Hiring attorneys to do commercial litigation and specialized attorneys in general is a good choice for any law firm. With more and more competition popping up in specialty areas, they can hardly afford not to! The real question is, could your firm benefit from hiring a commercial litigation attorney?

When you hire professionals who have the right skills to fit the requirements of your firm, that means that you can deliver the right attorneys to the right cases because they’re more qualified to argue the case. It ultimately costs less to depend on one of your own from in house than to rely on outside legal counsel, and the bottom line may be appealing to those corporate legal departments. It just makes sense to have specialization, from being able to offer that to clients to the cost savings.

By bringing commercial litigation experts over to your side, you can cut back on costs and bring their experience and knowledge to your side. If your firm is considering hiring an attorney experienced in commercial litigation, check out these reasons why they’re so in demand while you’re thinking it over.

1. Specialized Focus

Since your commercial litigation lawyer can be the one to go to on commercial litigation, it means that you can free up other lawyers who may not want or wish to work in this field. Since commercial litigation is so complex, a specialized focus means that the cases can be complicated and drawn out, it can be hugely inconvenient to have members of your team on the case that could be utilized elsewhere, especially for your corporate specialty lawyers. Having a specialist on staff will ensure you have the right person to deal with these cases.

2. Extra Protection of Business Interests

Firms, people and businesses need to protect their business interests, and this type of attorney can help them do that. Whether it’s a merger or a contract, a litigation attorney will have the knowledge and experience necessary to protect the interests of the firm through their excellence.

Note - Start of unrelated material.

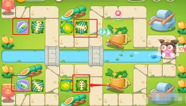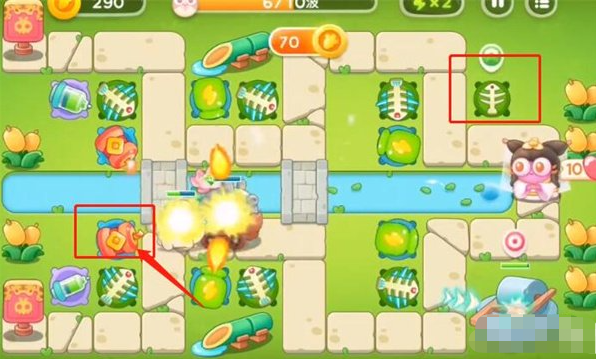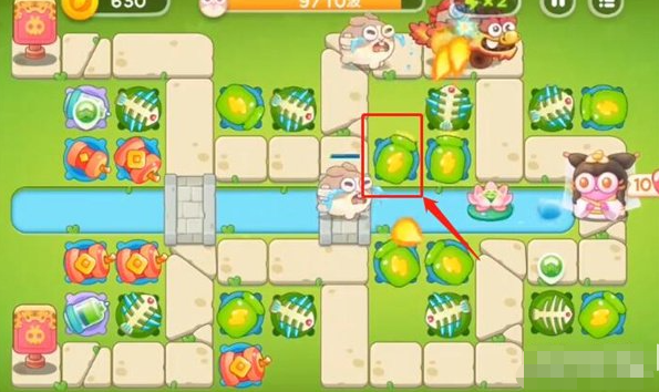 3、第二波左边两个毒针只升一级,中间两个鱼骨头,清理右边障碍物。

3. Commercial Litigation Experience

Their experience will be able to help your firm decide whether to litigate or not. Sometimes legal matters are best pursued in court, and other times your attorney will recommend not pursuing the matter further in court and pursuing another strategy instead. As legal cases are time consuming and expensive, it’s good to have someone on board that can weigh in on how to proceed.

Hire an attorney for a short term or work with a recruiting firm. Whether you hire them short term or long term on a contract is up to you, but if your firm could use a commercial litigation attorney then consider getting one on board soon and see what a difference it makes.